Investment analysts and close watchers of this market link this growth to the rising sophistication of the Nigerian consumer, urbanization, improving economic conditions leading to rising purchasing power,  and, to a less extent, activities of government encouraging the entry of international retailers.

These views corroborates a recent report by the Oxford Business Group (OBG), indicating that both foreign and local investors are dramatically expanding their domestic retail footprint in Nigeria.

The report notes that, Shoprite, a South African retail chain, has already opened about nine shops in Nigeria, and has outlined plans to open up to 700 stores in the country in not-too-distant future.

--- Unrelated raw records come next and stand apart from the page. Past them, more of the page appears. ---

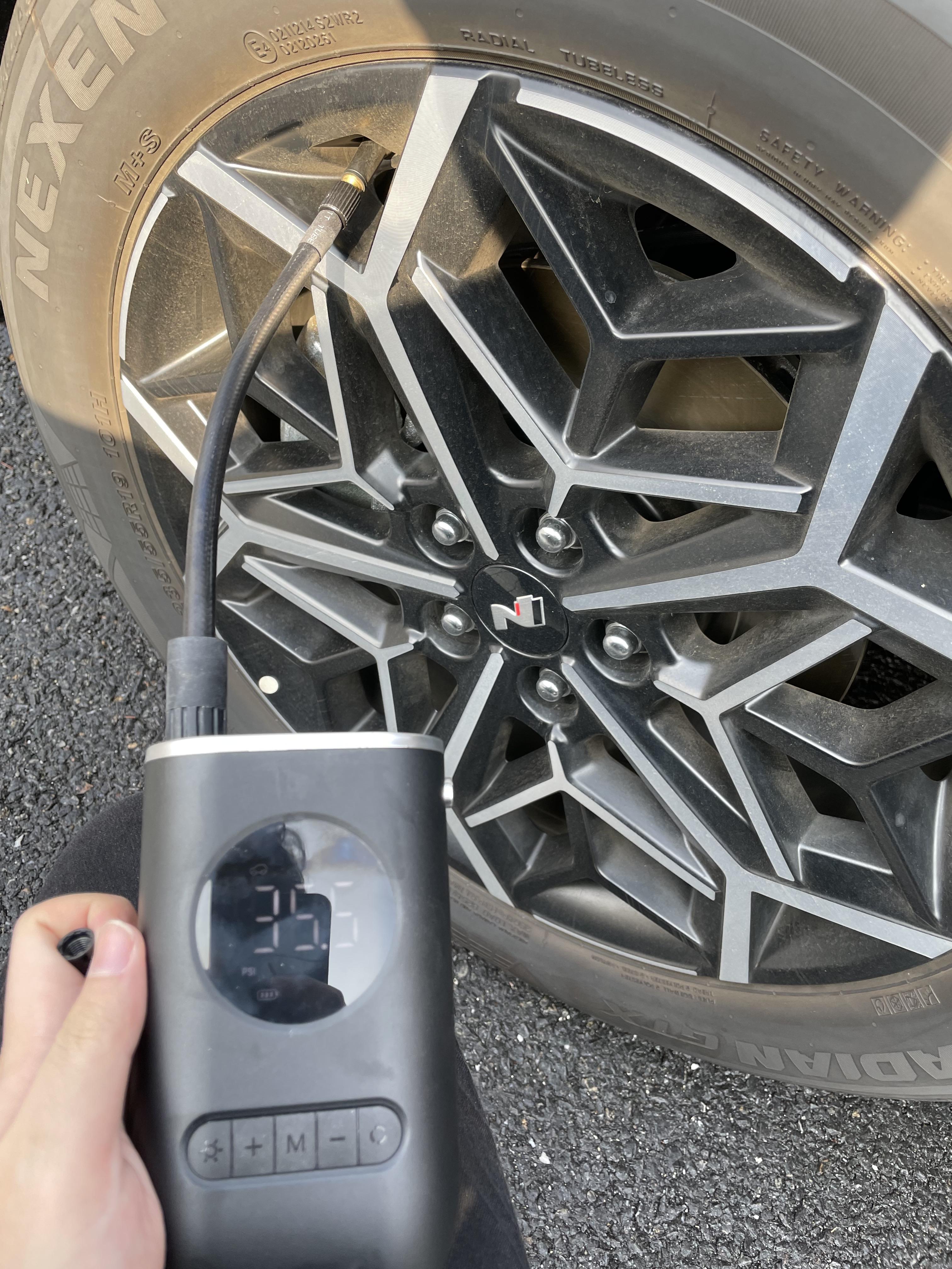 나는 보통 38~39 정도로 공기압을 맞추고 다니는데, 마침 확인을 해보니 4개 바퀴 모두 35 또는 36정도로 떨어져 있어서 충전을 해줬다.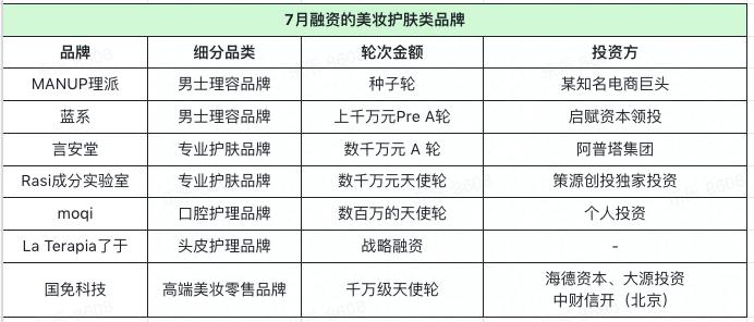 本月依旧有四个护肤新品牌拿到融资,思路依然是细分赛道男士理容和成分护肤。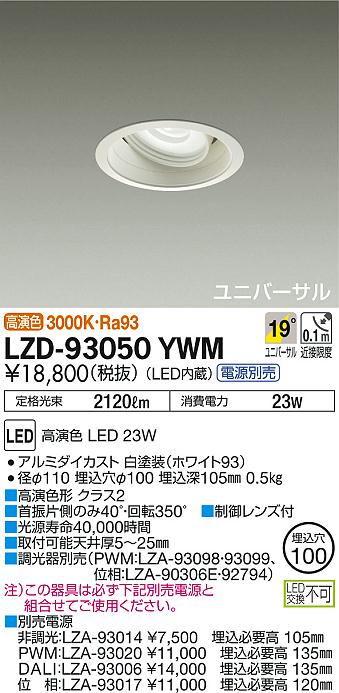 DAIKO 大光電機 ユニバーサルダウンライト LZD-93050YWM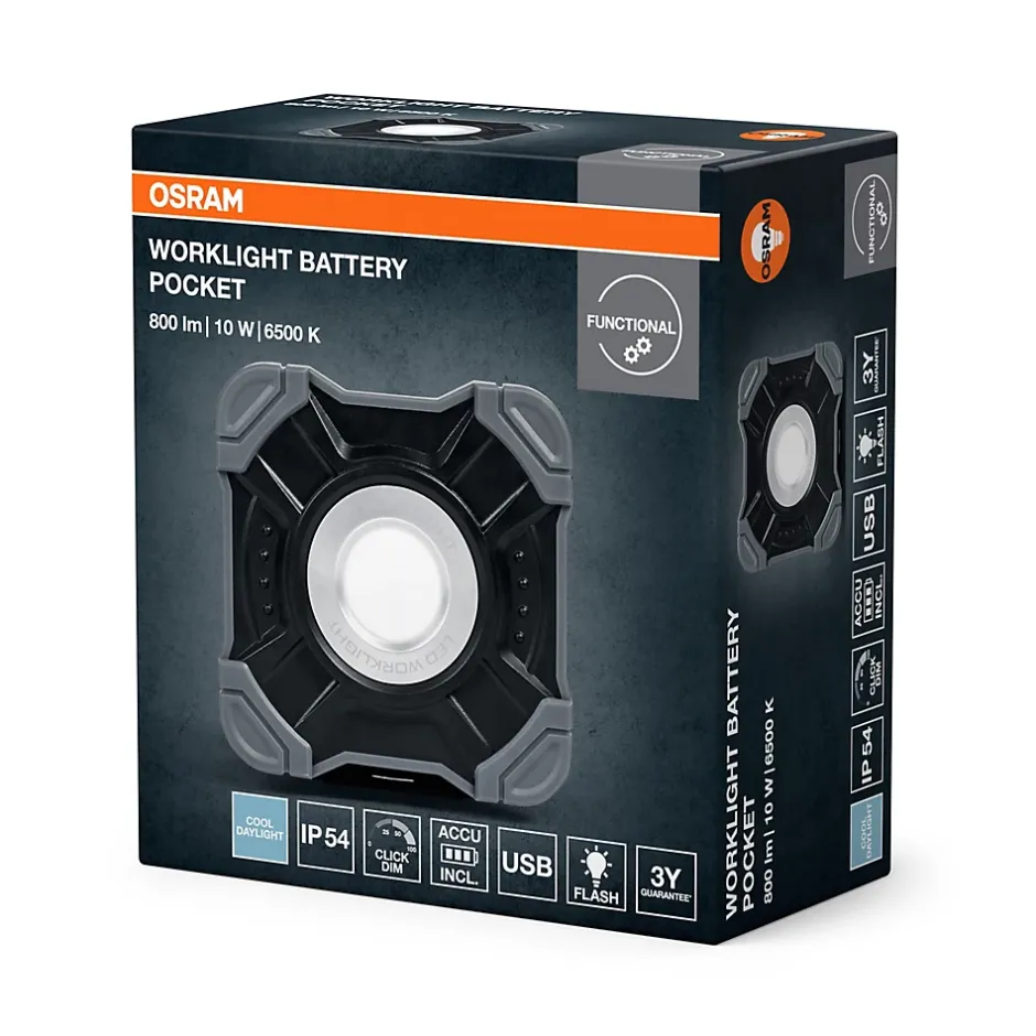 Cette lampe de travail portable OSRAM alimentée par batterie produit une lumière blanc froid de 6500 K avec 800 lumens pour une consommation de 10 W. Sa construction robuste, certifiée IP54, et sa tête d’éclairage pivotante offrent une fonction batterie externe via un port de charge USB. Indépendante du secteur, elle offre un éclairage flexible sur le lieu de travail grâce à sa batterie rechargeable. Idéale pour les rénovations, les ateliers, les garages et les travaux en sous-sol, elle est équipée d’un câble USB-C de 60 cm.

In the same vein, Massmart, South Africa’s second-largest retailer after Shoprite, which is partly owned by Walmart, has announced its intention to increase its presence in Nigeria from two to 20 stores.

The OBG report also reveals that Spar, Europe’s largest retail network, is partnering with Nigeria-based Artee Group to tap into the local market, cutting ribbons at new outlets in Lagos and Abuja recently. “Looking ahead, the firms aim to increase their Lagos network and expand into Port Harcourt and Ota in Ogun State over the next six months,” the report adds.

These developments and the attendant opportunities are however, not without their downsides which explains arguments by experts that the developments may lead to complete disappearance of Nigeria’s traditional market, adding that the traditional market would be ignored and Nigerians would no longer purchase locally made products which, in turn, may lead a downturn for local manufacturers.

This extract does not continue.